-------- GIVEN INFORMATION --------
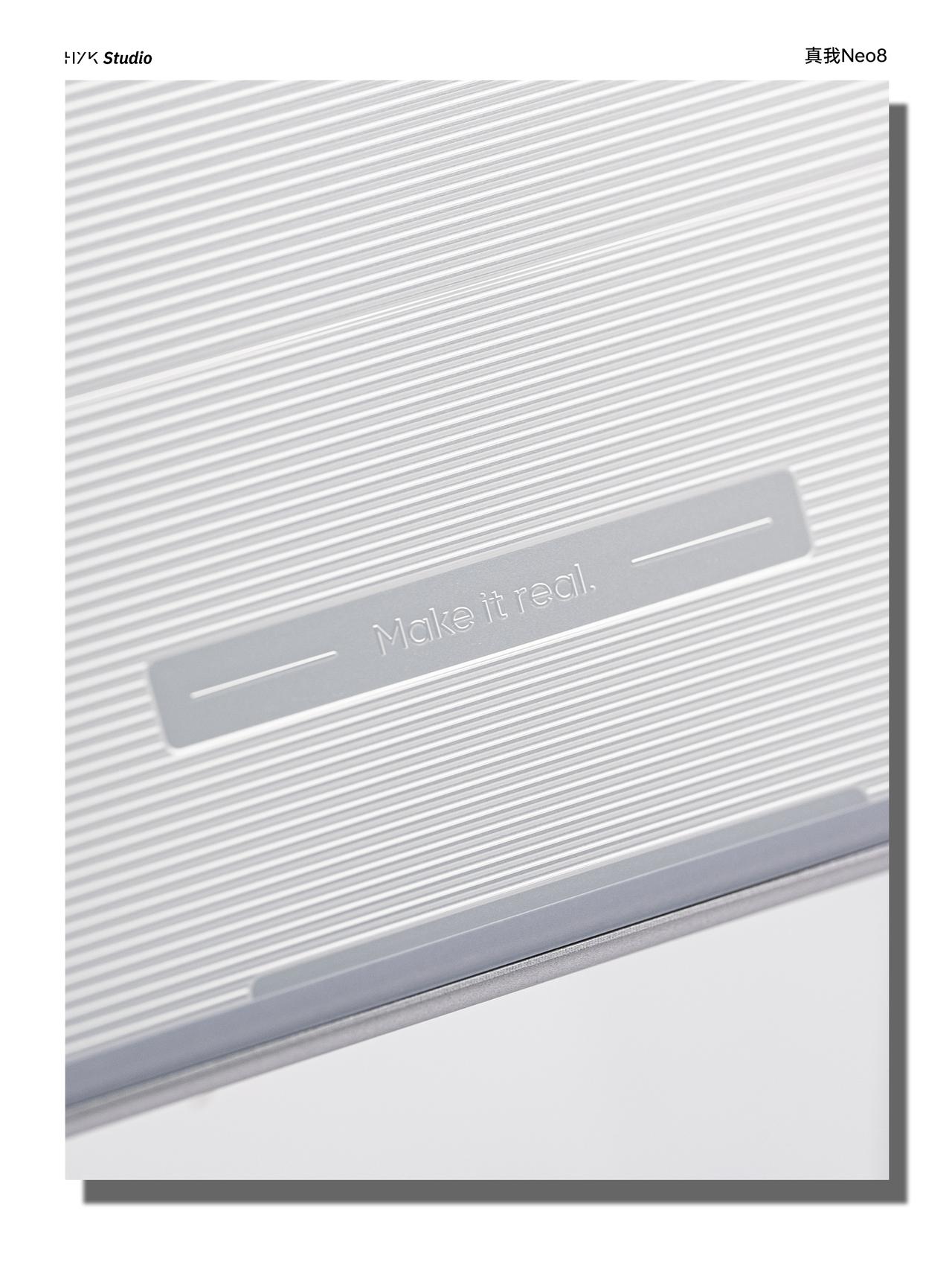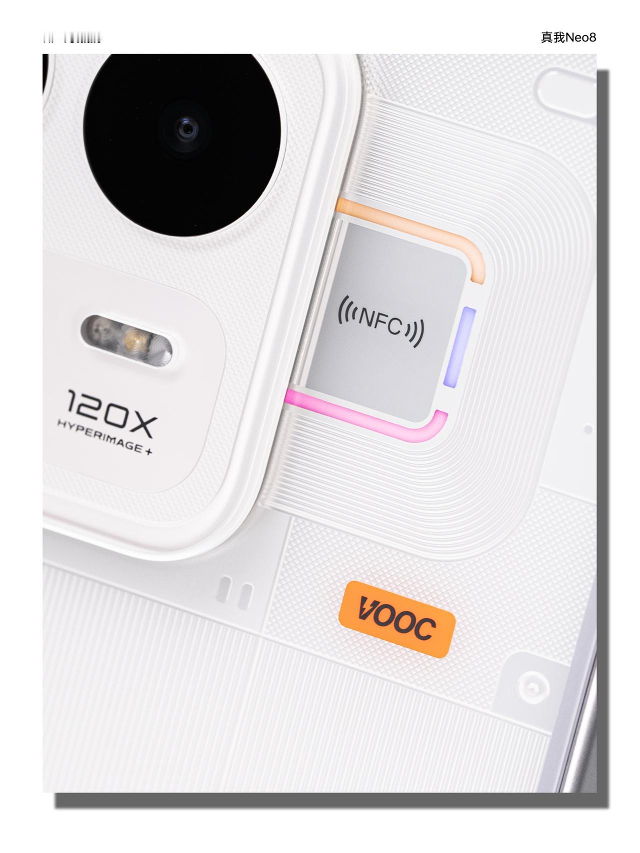 HYK图赏|真我Neo8 后盖是透明玻璃材质,里面裹着细密的机械结构纹路,有没有一种工业精致感,搭配上金属中框,手感也很棒。这代还回归了觉醒光环,而且能适配游戏、音乐等更多场景,是不是更有仪式感了。镜头模组是矩形布局,下面那颗印有“120X”的标识。这代还搭载了165Hz三星苍穹屏,完全就是电竞夯机。
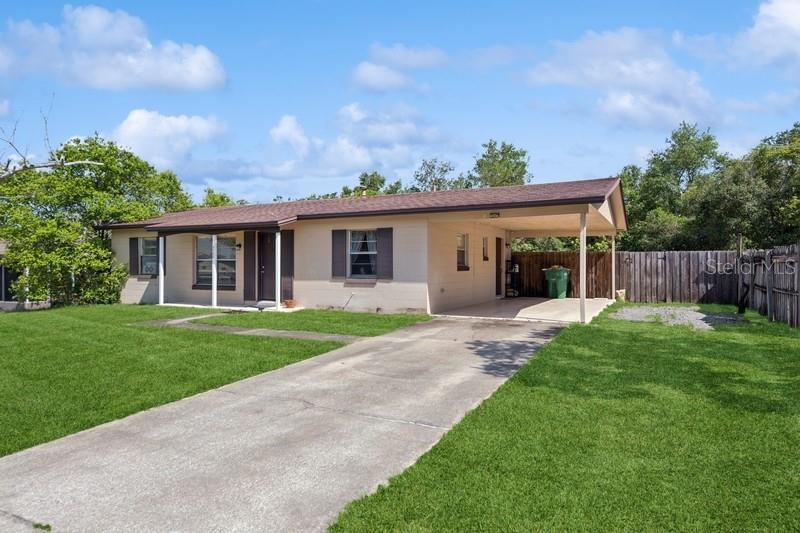 Very nice 3 Bedroom/ 2 Bathroom 1212 sq' house on almost quarter acre. Large fenced in back yard with a fire pit, patio and shed. The gas stove and gas hot water heater help keep the electric bill down. In 2016, New ROOF, and house was painted, the exterior and the interior. New A/C in 2017. In 2023 2nd bath was updated. 3rd bedroom has closet but could be den, or lanai if desired. The nice attached carport with side entrance into house makes it easy to bring in groceries etc without getting wet if raining. this is a great location. Close to I-4, shopping, restaurants and gas stations. Walking distance to the elementary school. House may be under audio video surveillance.
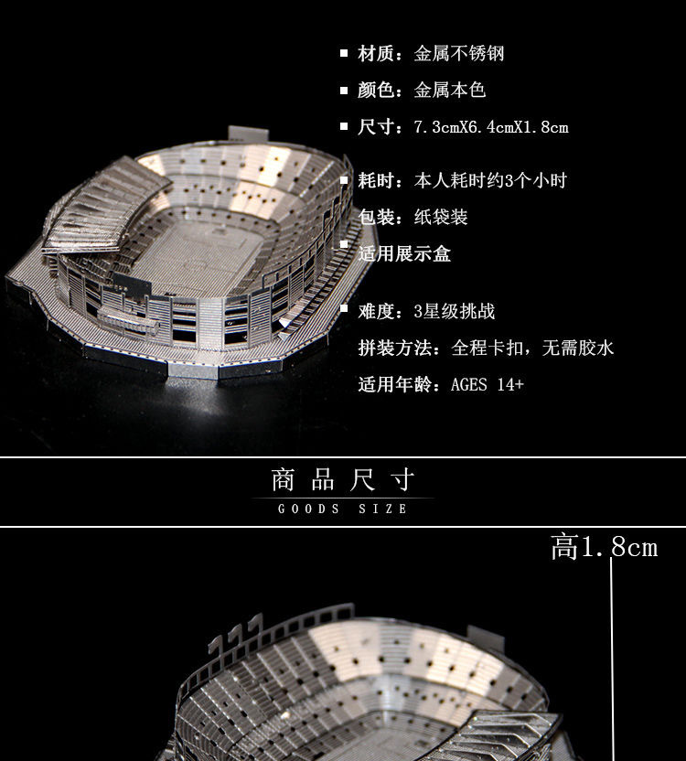 狂模 诺坎普足球场 全金属不锈钢拼装模型3D免胶立体金属拼图玩具
--------
* _PROMPT_
Lines from the one that contains "Very nice 3" to the final line of the material are the whole answer. Reproduce them word for word and skip the pictures.

* _ANSWER TO THIS PROBLEM_
 Very nice 3 Bedroom/ 2 Bathroom 1212 sq' house on almost quarter acre. Large fenced in back yard with a fire pit, patio and shed. The gas stove and gas hot water heater help keep the electric bill down. In 2016, New ROOF, and house was painted, the exterior and the interior. New A/C in 2017. In 2023 2nd bath was updated. 3rd bedroom has closet but could be den, or lanai if desired. The nice attached carport with side entrance into house makes it easy to bring in groceries etc without getting wet if raining. this is a great location. Close to I-4, shopping, restaurants and gas stations. Walking distance to the elementary school. House may be under audio video surveillance.
 狂模 诺坎普足球场 全金属不锈钢拼装模型3D免胶立体金属拼图玩具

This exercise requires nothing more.